Pain during Ovulation
Ovulation pain is the aching or discomfort experienced by some women when they are ovulating. This kind of pain is also referred to as Mittelschmerz, a German term that means “middle pain”. A number of women suffer from this type of abdominal pain during ovulation which takes place approximately two weeks before menstruation or midway through the menstrual cycle. The level of ovulation pain experienced by women ranges from slight to very intense. Minor pain does not require medical attention as home remedies or simple pain relievers are sufficient to ease the discomfort. However, if it is severe or impedes the woman from doing her regular activities, drugs or contraceptives may be prescribed.
What is Ovulation?
Ovulation is that time of the month when the woman’s ovary releases an egg for fertilization. For those with regular menstrual cycles, this happens somewhere between the 12th and 14th day or midway of an average 28-day cycle. When the ovary lets loose a mature egg, it will travel through the fallopian tube. The wall of the uterus, meanwhile, thickens in preparation for the possible fertilization of the egg. If conception doesn’t take place, menstruation will occur wherein the unfertilized egg as well as the uterine lining will be discharged from the body.
What are the Causes of Ovulation Pain?
Not all women suffer from abdominal pain when they are ovulating. In fact, only around half of the female population experiences any kind of discomfort or cramping during ovulation. Though the exact reason behind Mittelschmerz is not proven, a few theories abound to try to explain why this kind of pain occurs.
During ovulation, the follicle which contains an ovum will enlarge as the ovum matures. This enlargement of the follicle stretches the ovary’s membrane thereby resulting in a painful sensation.
Bursting of the follicle
When the matured egg is released from the ovary, the follicle containing it ruptures and bleeds. The fluids and blood are believed to cause irritation to the abdominal wall which brings forth discomfort.
Contraction of the fallopian tubes
Pain and discomfort may arise when the fallopian tube contracts as the ovum is released from the ovary.
Underlying health problems
There are a number of medical conditions that could contribute to or trigger ovulation pain. This could be the case especially if the abdominal pain is really intense or prolonged. Some of these health issues are chronic pelvic inflammatory disease, ectopic pregnancy, endometriosis, ovarian cysts, salpingitis, polycystic ovary syndrome, ovarian fibroids or appendicitis. Certain gastrointestinal problems could also worsen or be confused with painful ovulation. These include gastroenteritis, ulcer and inflammatory bowel disease.
What are the Symptoms of Ovulation Pain?
The discomfort felt during ovulation varies significantly between each woman. For one, the pain may last for a few minutes only for some women, whereas others may suffer from it for hours or even as long as 2 days. The pain originates from one side of the lower abdomen, depending on which ovary produced the ovum. This could differ between ovulation periods since either of the ovaries could generate the mature egg in each cycle. The intensity of the pain and the kind of discomfort likewise differs from woman to woman. Some are lucky to only feel a slight discomfort that goes away on its own or with the aid of over the counter pain relievers. Others, on the other hand, are not as fortunate as they have to deal with sharp pain and severe cramping.

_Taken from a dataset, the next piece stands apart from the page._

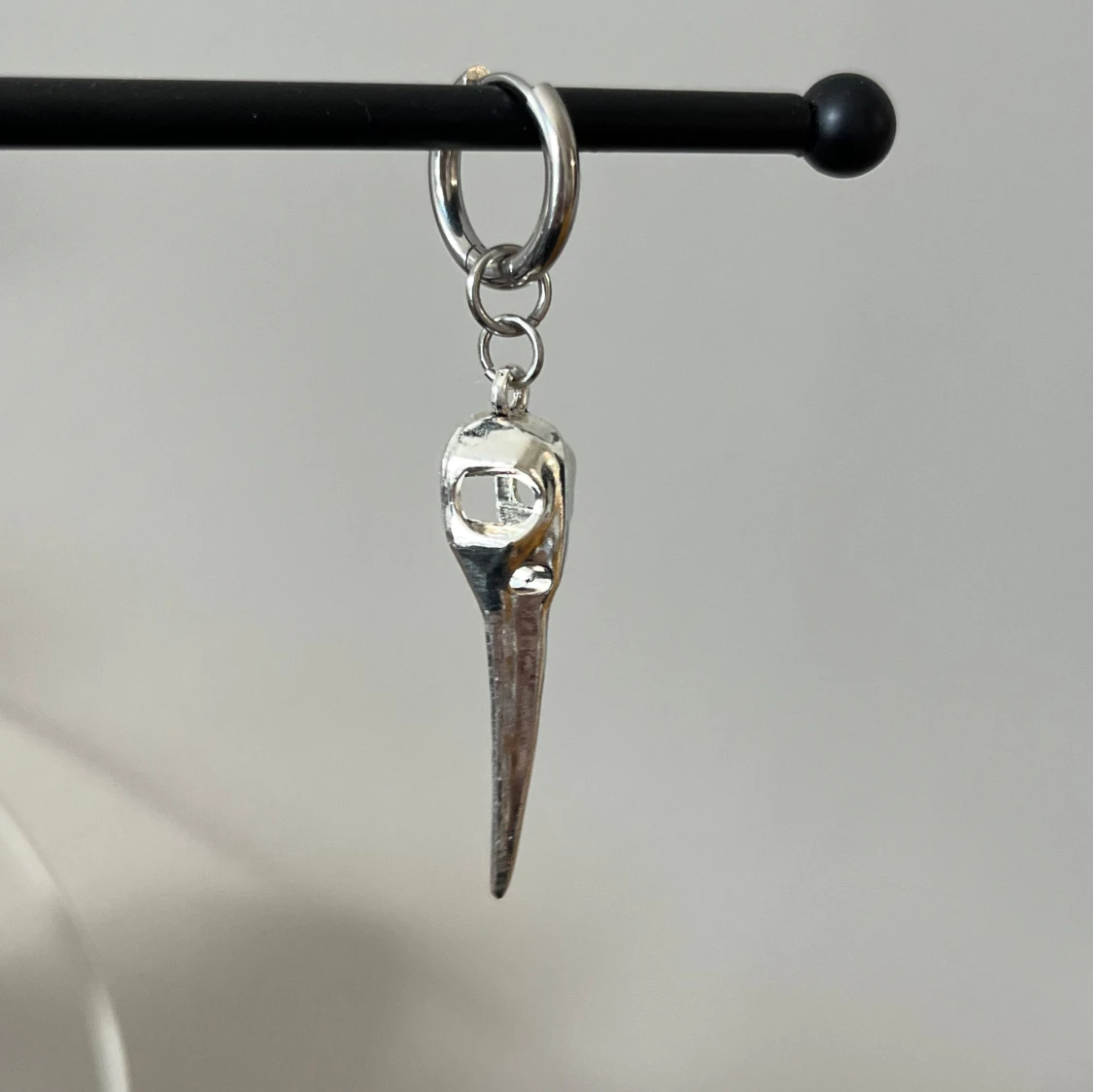 Stilrent silverfärgat örhänge med en unik hängande fågel kranium. Perfekt för att ge en edgy touch till din stil. Örhänget har en slät yta och en enkel ringdesign.

What are the Treatment and Management Methods of Ovulation Pain?
Management of pain during ovulation is based on the kind of discomfort experienced. For many cases, the pain will resolve itself in a few hours so there is not much that needs to be done. Some women make use of over the counter pain medications to address the pain. Rest, use of warm compress on the painful side as well as a warm bath can help in alleviating the discomfort of ovulation. For those who have severely painful ovulation, the doctor may prescribe oral contraceptives to prevent the woman from ovulating, and hence, stop mittelschmerz.

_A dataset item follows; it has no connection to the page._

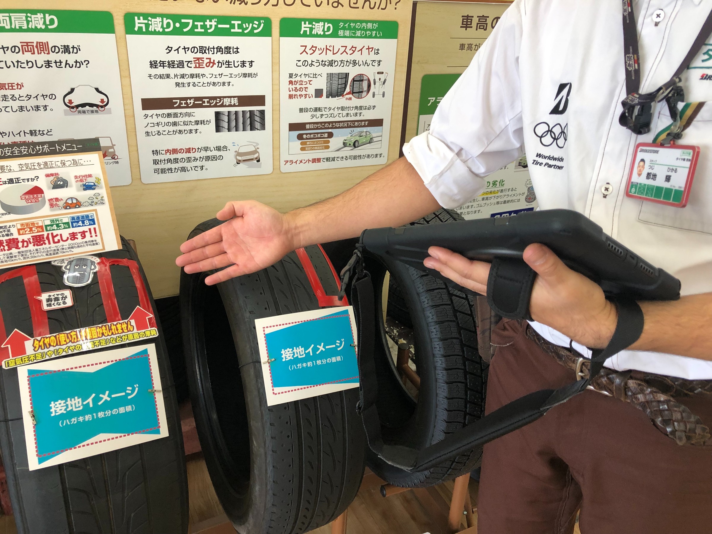 タイヤ館西条ではタイヤ専門店として よりわかりやすくタイヤをお選びいただけるよう、 タブレットを使った商談を行っております。 タイヤの選び方説明はもちろんですが ↑このように、 今お客様がお使いのタイヤの状態を 4本全て点検をさせていただき、 お客様の使用状況にあったタイヤを プロがわ...

When should Ovulation Pain be a Cause of Concern?
Not all women suffer from painful ovulation, and of those who do, many handle it pretty well. However, if the abdominal pain or discomfort is so intense that it hinders the woman from doing her day-to-day activities she should see her OB-Gyne. In addition, she should consult her doctor if the ovulation pain is accompanied by other symptoms, such as:
Abdominal pain that continues for more than 3 days
Pain during urination
Redness at the area of the pain
Abnormal discharge or heavy bleeding
The doctor will have to evaluate the patient’s medical history and assess the symptoms. He or she may also require additional tests and diagnostic procedures to determine the underlying cause of ovulation pain so the appropriate treatment can commence.